Il n’y a pas de réparation possible
En juin 2022, lors de la cérémonie de remise du prix Xavier-Villaurrutia, décerné au meilleur livre publié au Mexique dans l’année, l’écrivain Felipe Garrido a osé exprimer ses réserves sur El invencible verano de Liliana («L’invincible été de Liliana»), le livre gagnant, qui raconte les dernières années de vie de la sœur de son autrice, Cristina Rivera Garza. Comme Liliana, assassinée dans les années 1990, prenait soin d’archiver son existence dans des lettres et des carnets, le récit a pu être en partie raconté dans ses propres mots.

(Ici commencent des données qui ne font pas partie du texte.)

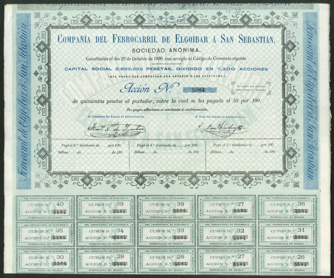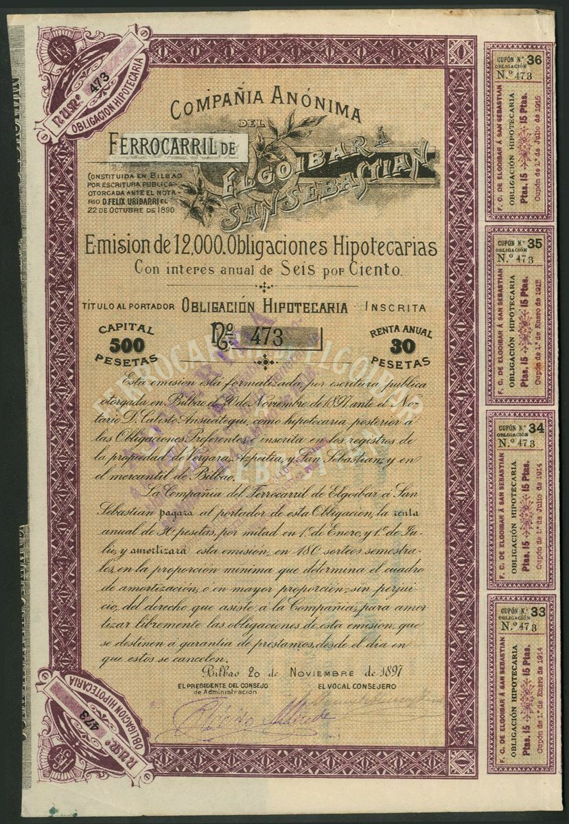 Spain: Compañia del Ferrocarril de Elgoibar á San Sebastian, 500 peseta share, 1890, #5584, blue, with coupons. Together with 500 mortgage bond, 1897, #473, mauve, yellow underprint, with coupons. Constituted in Bilbao in 1890 to construct a narrow gauge line. Acquired by Ferrocarriles Vascongados in 1906. EF (2).

Garrido a déploré le peu d’espace fait à l’assassin et à ses motivations, se permettant de suggérer trois textes de fiction «captivants» traitant de féminicides: Le tunnel, d’Ernesto Sábato, ainsi que les contes L’intruse et El compa, de Jorge Luis Borges et d’Edmundo Valadés, respectivement. À la misogynie de ces propos, Rivera Garza a répondu qu’il faut «les voir, elles, toujours, pas leurs assassins. Les assassins, on les voit déjà partout».
Cet incident, en plein gala littéraire, montre qu’il reste du chemin à faire pour que les voix et le travail des écrivaines et des femmes en général soient reconnus à leur juste valeur. Il faut néanmoins constater que leur pertinence est de plus en plus célébrée dans le paysage littéraire mexicain. En témoignent, en plus de ce prix remis à Rivera Garza, trois romans récemment traduits en français: Maisons vides, Paradaïze et Ce que tomber veut dire. De factures très différentes, ils racontent tous un monde où le machisme, les inégalités et la violence étatique causent des dommages irréversibles dans la vie intime.
Dans Maisons vides, premier roman de Brenda Navarro, deux femmes sont mères du même enfant, l’une parce qu’elle lui a donné la vie, l’autre parce qu’elle l’a kidnappé. Leurs voix alternées racontent des existences qui n’étaient pas destinées à se croiser, et deux Mexique. En effet, la mère biologique de Daniel appartient à la classe moyenne et est mariée à Fran, un Espagnol, avec qui les rapports sont distants, éteints; c’est en parlant à son amant au téléphone qu’elle a perdu son fils de vue au parc. La deuxième mère de l’enfant, rebaptisé Leonel, habite dans un quartier défavorisé de Mexico. Son conjoint, Rafael, vit à ses crochets, la violente, la trompe et finit par les abandonner, elle et ce garçon qu’il n’a jamais consenti à avoir.